The Laken Riley Act—named after a 22-year-old nursing student who was killed in 2024 by an undocumented immigrant man, who had previously been charged with shoplifting—is perhaps the broadest and most dangerous immigration bill in recent history. Despite its eight short pages, the bill does a lot—none of it good. And after it coasted through the House with bipartisan approval, Senate Democrats joined Republicans on Thursday to advance the bill for debate by an 84-9 margin.

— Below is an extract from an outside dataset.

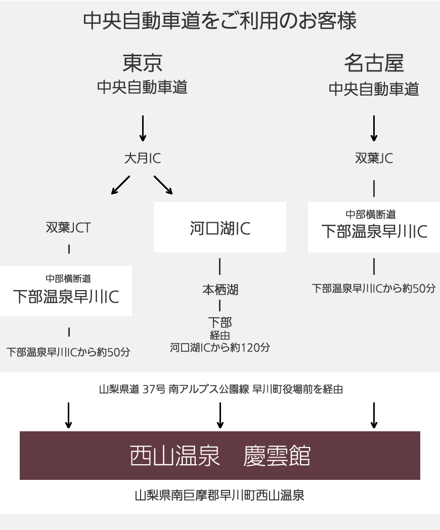 住所:〒409-2702 山梨県南巨摩郡早川町西山温泉 慶雲館

For all the cringe exercises and embarrassing gaffes of the 2017 “resistance lib” heyday, at the very least, our Democratic politicians pretended to show some fight. My 20-year-old self, who watched Democratic senators like Catherine Cortez Masto and Chuck Schumer (both voted to advance the Laken Riley Act this week) speak at rallies against “kids in cages” in 2018, wouldn’t recognize what we’re seeing from Democrats, now. As Rep. Alexandria Ocasio-Cortez (D-NY), who opposes the bill, warned this week, “I fear that it’s only going to be when it comes to peoples’ doorsteps that they’re going to realize fully what people have consented to.”
The bill would allow immigrants, even those who live and work in the U.S. legally, to be indefinitely detained without even being charged with a crime. If they’re so much as arrested—not even charged or convicted—for petty crimes like shoplifting, they could be held indefinitely in detention centers and potentially deported. As Slate’s Mark Joseph Stern points out, this would apply to those who are mistakenly arrested by police error, or racial profiling, or any other nefarious motives. As Sen. Mazie Hirono (D-HI), one of few Democratic voices who have criticized the bill, has pointed out, the Laken Riley Act would “enable authorities to detain 10-year-olds and younger who maybe stole a stick of gum.”
Immigration attorney David Isaacson explained the bill would apply to Dreamers—immigrants who legally reside in the U.S.—as well as refugees and individuals granted asylum, including children, and even legal immigrants if they leave then reenter the U.S. while waiting for their green card.